この付近にあるのは、兵舎、ソルジャー屯所の建物、そして兵士用に用意されたトレーニングルームや実習部屋がある建物だ。

その三つを回ったが問題は無かった。

兵舎は大体この時間は強制的に電源が切られるようになっているし、この時間にうろつく奴もいない。そもそも訓練生や警備兵というの は、この兵舎に入る場合は規則が厳しいのだ。

だからまず此処には問題が無いといえるだろう。後はソルジャー屯所。これはそこそこに可能性があった。ソルジャーは大体、自由が利く。とはいえ3rd程度ではまだ規則に縛られる部分が多いが、それでも違反に対する処置は甘い。そこから考えると此処はあやしかったが、それでも問題は無さそうだ。
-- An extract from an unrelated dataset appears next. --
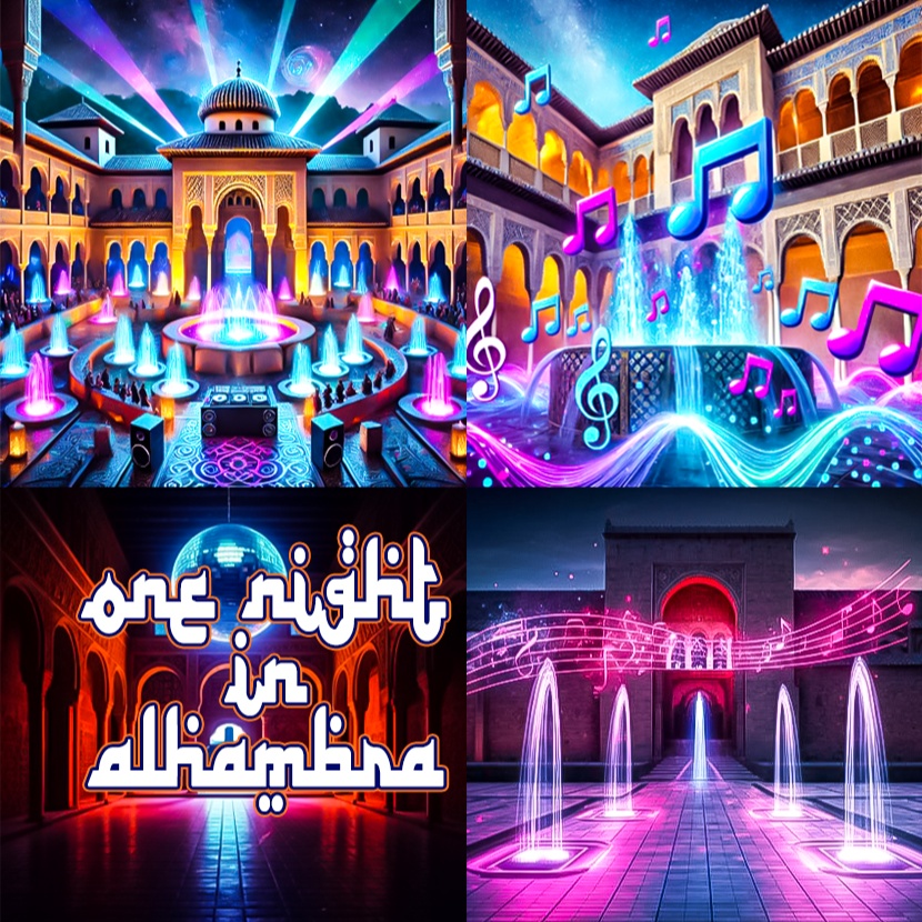 a fusion of Andalusian classical music with modern Moroccan-electronic sounds, featuring instruments like the 'ud, rabab and duff alongside driving basslines and pulsating synths, Immersive atmosphere
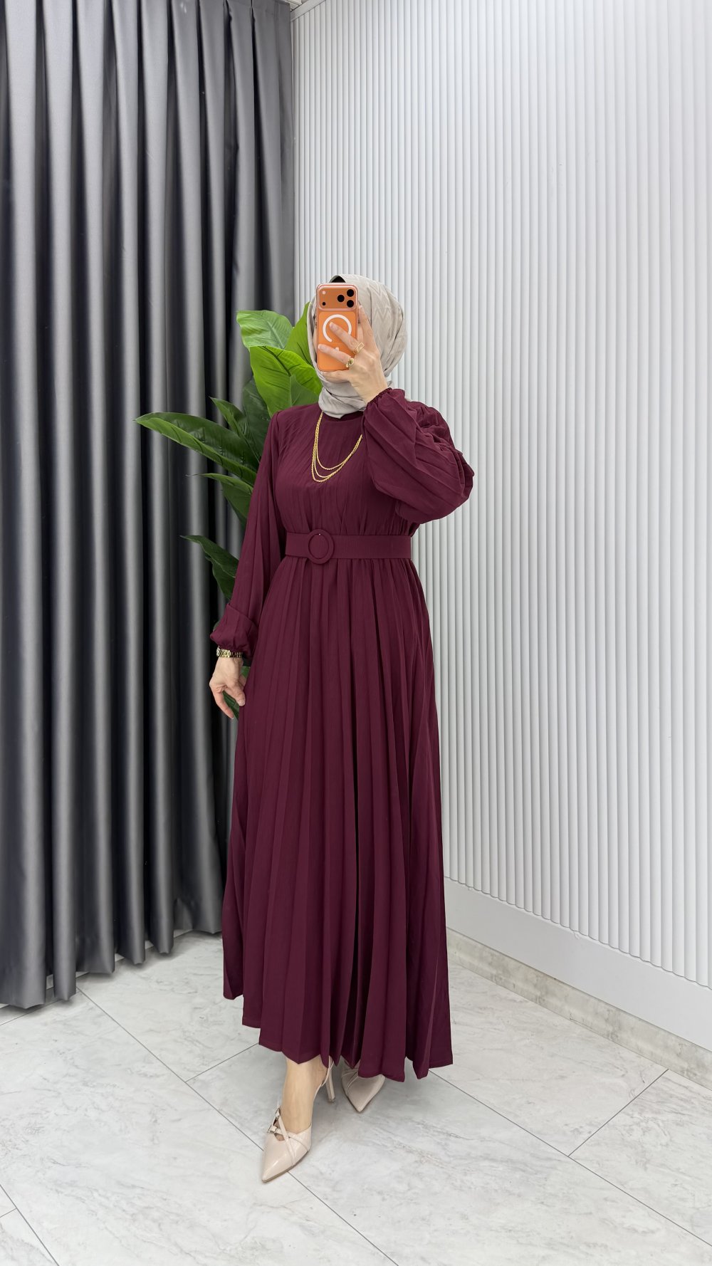 Bordo Hifa Piliseli Elbise Tesettür Giyim

そして、もう一つの建物。これは今俺がいる場所だったが、やはり問題はない。というか、こんな場所に入っても何一つ良いことなどない。盗むものすらない。

しかし思えば、窃盗を考えるなら本社ビルの方が随分と面白いものがありそうなものだが、と思う。

―――――とすれば、これは…。

そういう問題ではないのかもしれない。そうではなくもっと…。

そう思いながら歩き進めていると、ふっと何かの匂いが鼻をついた。先ほどまでは感じられなかった匂いだ。

だがその香りに対して俺が第一に抱いたのは嫌悪感だった。どこかで嗅いだことのある匂いだと思う。暫くは思い出せなかったが、俺はふっと思い出した。

そうだ、この匂いはクラウドが漂わせていた香りだ。あの、どこかの誰かと寝た後につけてくる、香り。そうか、だからこんなにも酷い嫌悪感を感じるのだ。

という事は、薄汚い鼠とはクラウドなのだろうか。

そう考えると、呆れるも何もなく、もう帰ろうかとも思った。

――――だが。

もしこの匂いを辿ったならば、そこにクラウドがいたならば、俺は目にすることになるのではないだろうか。

その、相手とやらを。

何となくそれに興味を感じた。今まではどうでも良いと考えていたことだったが、何故かふとどんな馬鹿が相手なのかと思った。その馬鹿な相手もまた、俺の感情を逆撫でする阿呆の一人に他ならないのだから。